Soviet-Russian New Year variety show

The Little Blue Light (Голубой огонёк) was a popular musical variety show aired on Soviet television since 1962 during various holidays. The name alludes to the light bluish glare of a black-and-white cathode ray tube TV screen as well as some traditional Russian expressions relating to friendly visits: заглянуть на огонек (zaglyanut na ogonyok) – "to drop in on a light", i. e. to visit someone after seeing a light in their window; посидеть у огонька (posidyet' u ogon'ka) – to have a sit by the fire.

The show featured popular artists and various prominent Soviet people: udarniks, Heroes of Socialist Labor, cosmonauts, actors, etc., as well as guests from the countries of the "socialist camp", who sat by the tables in a "TV cafeteria", singing songs, playing sketches, boasting and celebrating the holiday. The idea of the show was that they "dropped in on a light" to every Soviet family to share the festive table beyond the TV glass.

A separate item was the performance of comedians. The apogee of the comedy program has always been Arkady Raikin's numbers, comic duets were popular — Veronika Mavrikievna and Avdotya Nikitichna (Vadim Tonkov and Boris Vladimirov), Plug and Tarapunka (Yefim Berezin and Yuri Timoshenko), as well as Lev Mirov and Mark Novitsky.

The best-known was the New Year's Little Blue Light (Новогодний Голубой огонёк), aired on every New Year's Eve as a part of the late Soviet tradition: the Little Blue Light followed the New Year's speech by the General Secretary of the Communist Party with congratulations to the Soviet people followed by the Kremlin midnight chimes and the State Anthem of the Soviet Union, which was, in turn, preceded by the 1975 film comedy Irony of Fate.

Writer Andrey Khoroshevsky believed that the phenomenon of the "Blue Light" consisted in the fact that even the most famous guests in the program appeared to be ordinary people with problems and interests understandable to every viewer. In 2003, Mikhail Shvydkoy, Russian Minister of Culture, stated that ""The Blue Light" turned the Soviet Union into a large communal apartment — it united people at the screens."

The Little Blue Light was devised by film director Aleksey Gabrilovich, and the first show was aired on 6 April 1962 as a weekly Saturday broadcast. After some time it became a monthly show, and later it was only aired on major holidays.
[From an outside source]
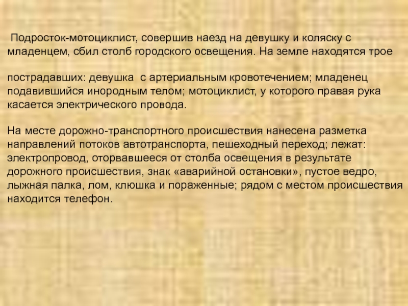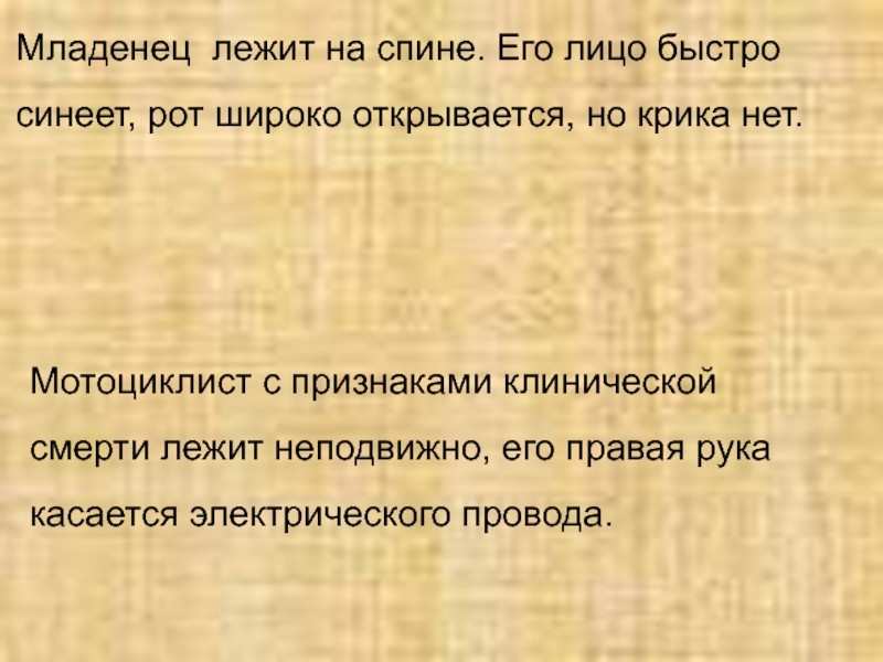 Мотоциклист с признаками клинической смерти лежит неподвижно, его правая рука касается электрического провода.

During the decline of the Soviet Union, the "trademark" Little Blue Light began to gradually disappear from the screens and the New Year concert became a matter of experimenting. The last show of Little Blue Light was in fact a potpourri from older programs. After the dissolution of the Soviet Union, the program was revived in Russia after a ten-year hiatus in 1998 as a yearly special. Thoroughly following the format of its Soviet predecessor, it has become an element of Soviet nostalgia. The trademark "Little Blue Light" is now owned by Russia 1, the television network, where it is still seen immediately after President's address on the New Year midnight under the title "Голубой огонёк на Шаболовке" "Little Blue Light at Shabolovka" (Here "Shabolovka" refers to the Shabolovka TV Center.)

In the 1970s the typical New Year's LBL episode lasted an hour and a half, since the late 1980s up till today the telecast begins at 12:05 am MST and lasts for three hours.